** EXERCISE **
Please write out only the lines from the line with "Once we entered" to the line with "10月9日,在阿富汗西部赫拉特省津達詹區,人們開展地震搜救工作。", inclusive, exactly as they stand below, without the pictures.

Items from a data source
· · · · ·

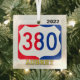 Unique glass ornament featuring the US 380 Highway. Makes a unique souvenir of your visit, or the year of moving to Aubrey, Texas.
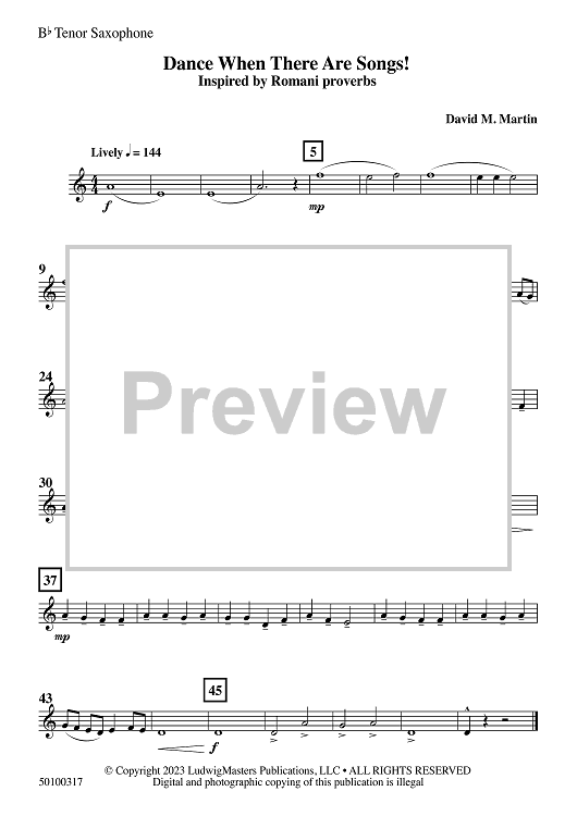 "Dance When There Are Songs - Bb Tenor Saxophone" Sheet Music by David M. Martin
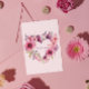 Vår "Blommor av kärlek" blommiga krans-kort är ett utsökt uttryck för tillgivenhet och charm. Detta kort har en delikat komposition av violetta och rosa blommor, varsamt utformade till en vacker blommig krans som förkroppsligar kärlekens väsen.
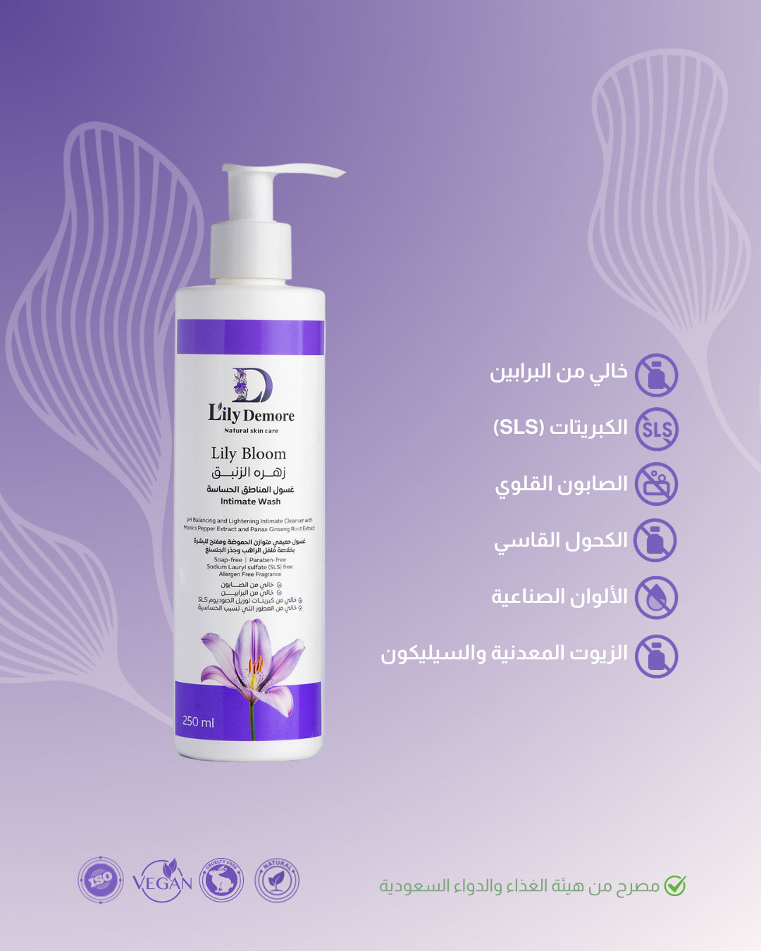 Enriched with premium natural extracts such as Monk’s Pepper and Wild Ginseng, it helps reduce the growth of harmful fungi like Candida albicans and Aspergillus niger, while soothing unwanted odor, itching, and irritation. Provides long-lasting hydration for daily comfort and freshness.
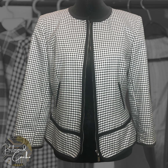 Calvin Klein Black and White Gingham Blazer - Size 2
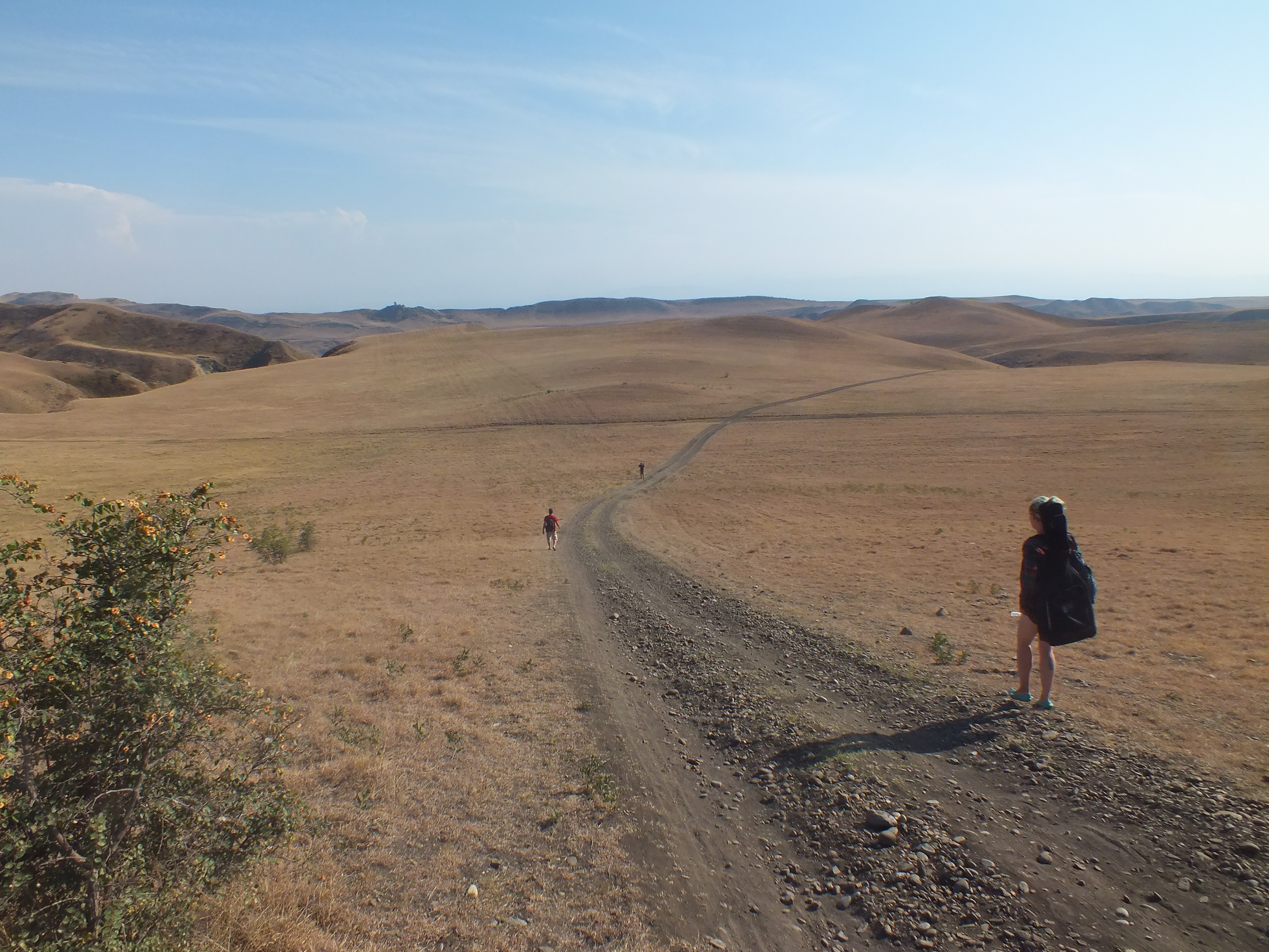 Once we entered the beyond it seemed to get much, much hotter. Suddenly we were soaked in sweat as we crossed the Valley of the Dead. We had to keep our eyes peeled for snakes, which are famous in the region and which we’d been given numerous warnings about. Out of the valley we entered the Crack of Doom, a rocky gorge littered with huge boulders and cave homes high up in the cliffs. By this point we began to think about turning back. It was getting late, we had set off over seven hours ago and there was a chance that the other teams would leave before we got there. We got word that one team had arrived at 2pm, it was now past 6. But we walked on, along the Road of Bones (there were actual bones) and up and down the three Hellish Hills until we met the road once more. We were almost completely out of water and the monastery was nowhere in sight. It was almost another hour before we found it and in that time I had climbed to the top of a high ridge, hoping to get a better view and on the other side I could see the desert plains of Azerbaijan, my next destination.
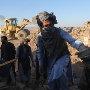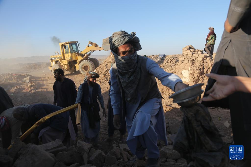 10月9日,在阿富汗西部赫拉特省津達詹區,人們開展地震搜救工作。
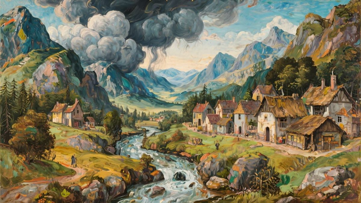 This image shows a rustic mountain town in a valley. Majestic clouds surround the town, and a mountain stream flows through it as storm clouds gather, in a vibrant, painterly style.
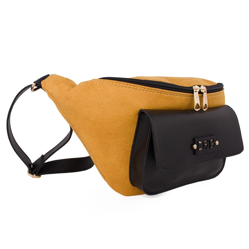 Ocher crossbody bag, made of ecological leather with absorbent and breathable leather lining. It has 2 internal pockets, one with
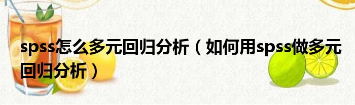 spss怎么多元回归分析(如何用spss做多元回归分析)
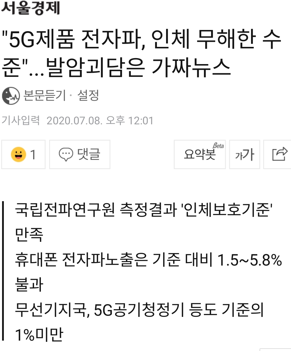 "5G 전자파 괴담은 근거없다"는 전파연구원 발표 본문
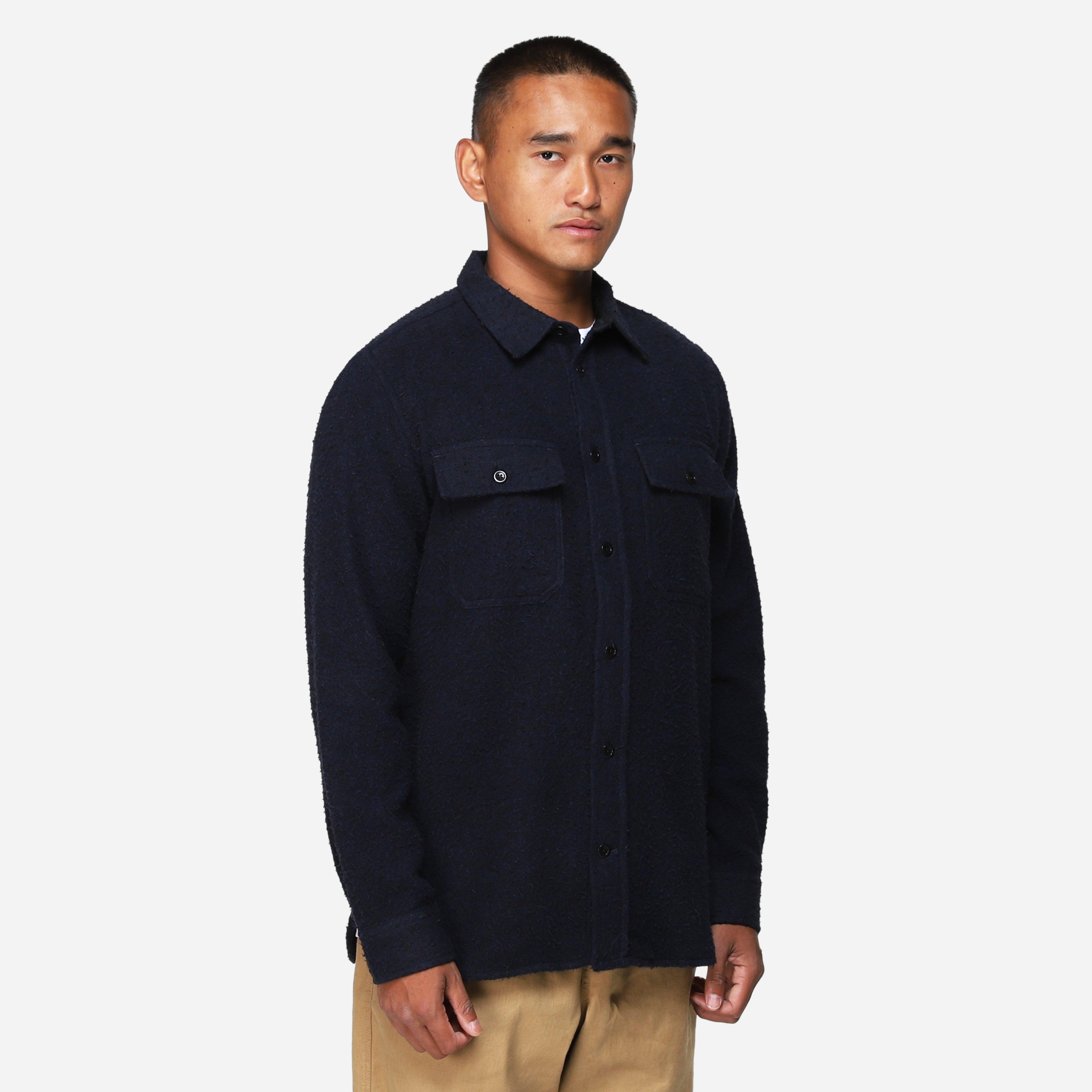 Navy - 50% cotton, 25% polyester, 20% wool, 5% other - 331gsm - Patch pockets - Twin-needle stitching - Corozo buttons - Button cuffs - Regular fit, take your normal size - Model is 6'0" and wears a size medium.
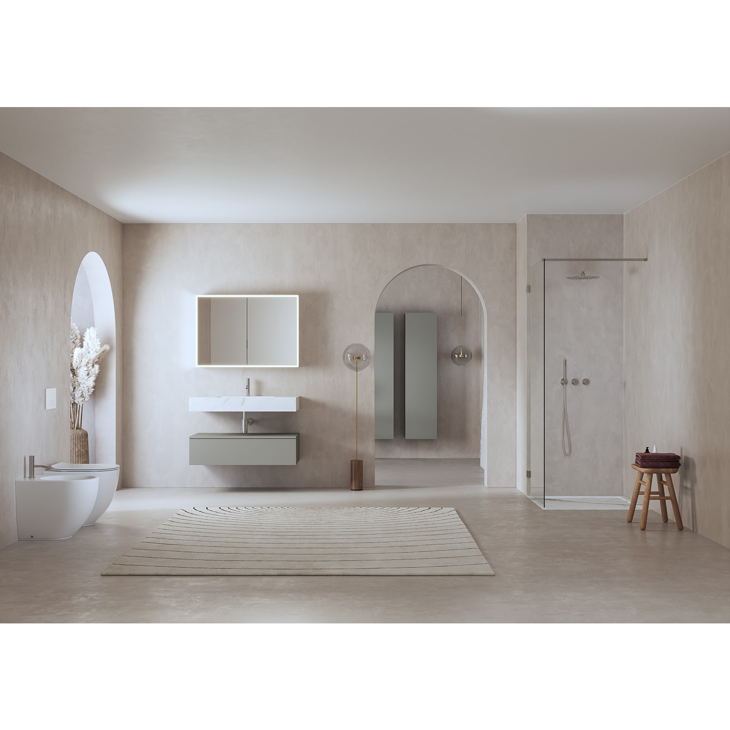 - Gestaltungsfreiheit: ohne Beckenausschnitt passend zu individuell ausgewähltem Waschtisch.
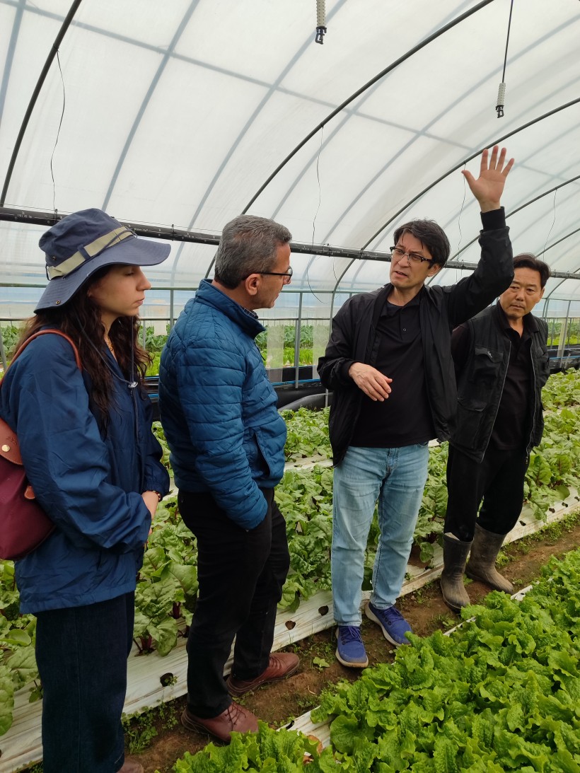 마지막으로 찾은 곳은 두레한강생산자회였습니다. 여기서는 비닐하우스와 생산지를 직접 둘러보며, 한국 농민들의 현실과 두레생협 생산자들이 어떤 방식으로 생태적 농업을 실천하고 있는지에 대해 서로 경험을 나눴습니다.
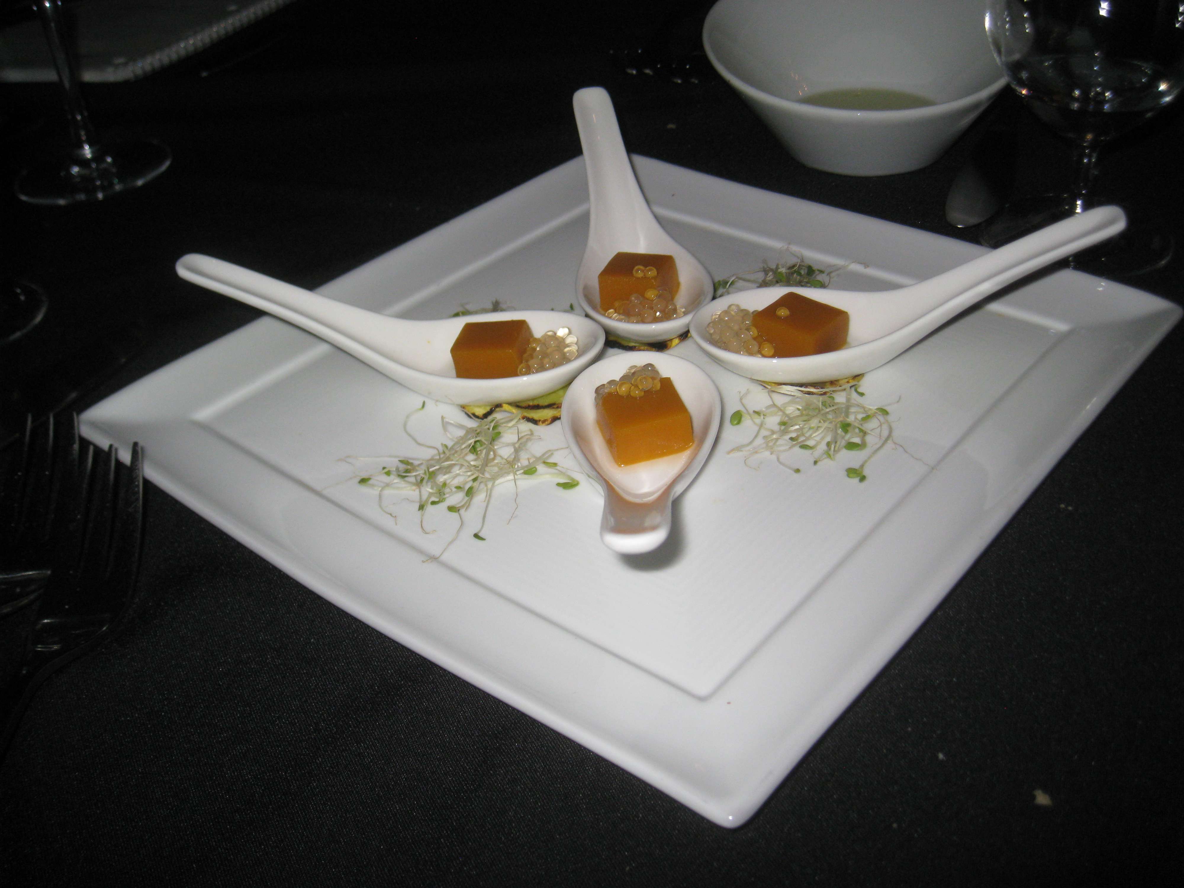 Around the same time as the Amuse Bouche was being passed out, Jonathan Hajdu, the associate wine maker and on-site kosher supervisor was pouring out the first of the four wines that we would be tasting this evening; the 2008 Covenant Lavan Chardonnay. When I tasted it earlier this year at the 2010 Herzog Food and Wine Festival in Oxnard, it actually showed more ripe fruit and tannin – from the oak. It was still young then and crazy fun. Now when we tasted it, the wine seems to be hitting its stride. The tannin is gone or covered over with a blanket of toasty rich oak and butterscotch, along with a bit of fruit. Clearly this is a bottle that is ready to party and one that really was not meant to pair with the Amuse Bouche, but heck it was there so we tasted it. Again, the gel cube barely survived the oak attack, while the poor apple caviar was gutted from the inside out, never had a chance. Again to be fair, it was not a real pairing, but we tried for the fun of it.
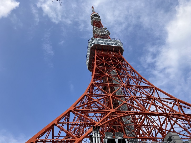 東京タワーはいつ見ても美しいですね。真下からの眺めは迫力満点です。
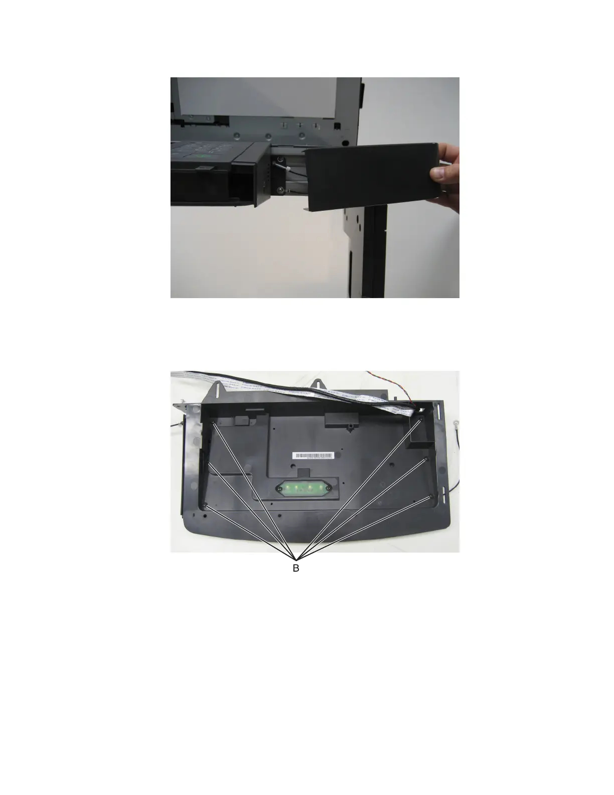 12 Remove the six screws (B) securing the bottom cover to the assembly.

· · · · ·

** RESPONSE TO THE EXERCISE **
 Once we entered the beyond it seemed to get much, much hotter. Suddenly we were soaked in sweat as we crossed the Valley of the Dead. We had to keep our eyes peeled for snakes, which are famous in the region and which we’d been given numerous warnings about. Out of the valley we entered the Crack of Doom, a rocky gorge littered with huge boulders and cave homes high up in the cliffs. By this point we began to think about turning back. It was getting late, we had set off over seven hours ago and there was a chance that the other teams would leave before we got there. We got word that one team had arrived at 2pm, it was now past 6. But we walked on, along the Road of Bones (there were actual bones) and up and down the three Hellish Hills until we met the road once more. We were almost completely out of water and the monastery was nowhere in sight. It was almost another hour before we found it and in that time I had climbed to the top of a high ridge, hoping to get a better view and on the other side I could see the desert plains of Azerbaijan, my next destination.
 10月9日,在阿富汗西部赫拉特省津達詹區,人們開展地震搜救工作。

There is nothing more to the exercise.